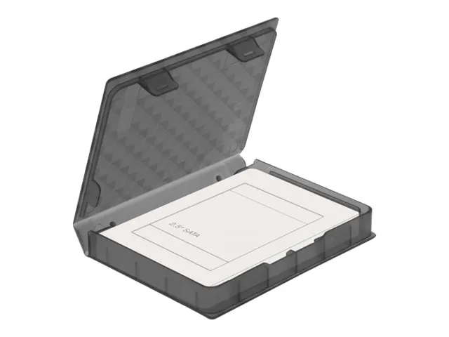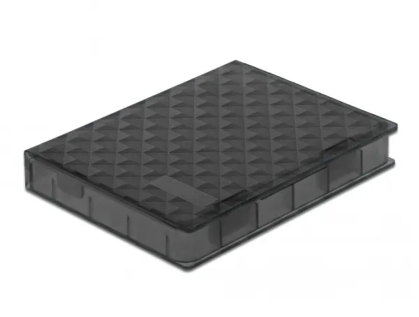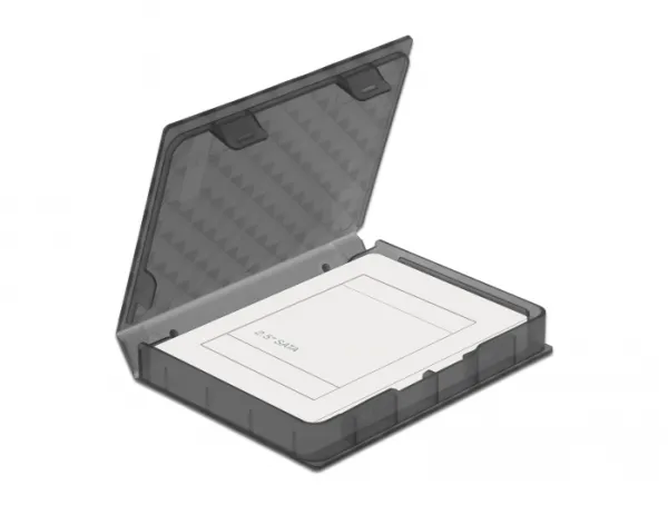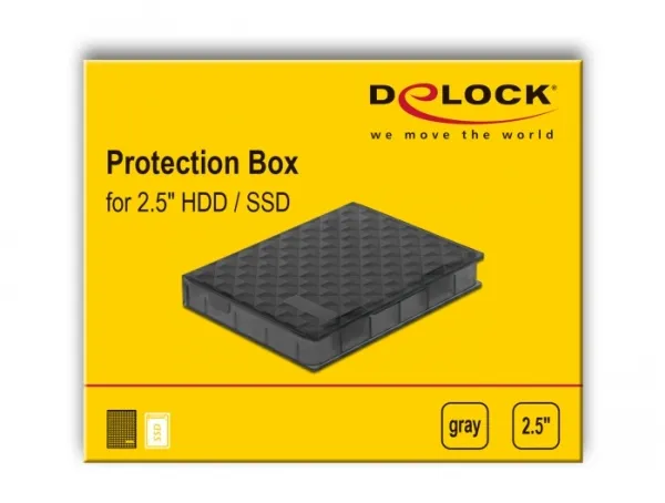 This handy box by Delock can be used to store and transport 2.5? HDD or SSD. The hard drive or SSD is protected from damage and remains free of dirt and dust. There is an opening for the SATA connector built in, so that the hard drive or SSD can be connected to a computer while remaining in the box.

...

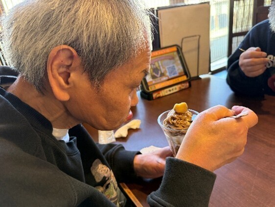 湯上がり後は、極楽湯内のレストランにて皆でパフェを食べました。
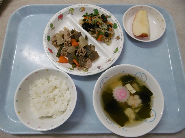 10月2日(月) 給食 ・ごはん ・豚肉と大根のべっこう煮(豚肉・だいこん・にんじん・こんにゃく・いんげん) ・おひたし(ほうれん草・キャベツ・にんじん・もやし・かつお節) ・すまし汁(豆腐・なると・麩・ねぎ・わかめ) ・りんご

▶ WORK TO COMPLETE
Give exactly the lines above that run from the line with "湯上がり後は、極楽湯内のレストランにて皆でパフェを食べました。" to the line with "10月2日(月) 給食 ・ごはん", both included, leaving every picture out.

▶ OUTPUT BELOW
 湯上がり後は、極楽湯内のレストランにて皆でパフェを食べました。
 10月2日(月) 給食 ・ごはん ・豚肉と大根のべっこう煮(豚肉・だいこん・にんじん・こんにゃく・いんげん) ・おひたし(ほうれん草・キャベツ・にんじん・もやし・かつお節) ・すまし汁(豆腐・なると・麩・ねぎ・わかめ) ・りんご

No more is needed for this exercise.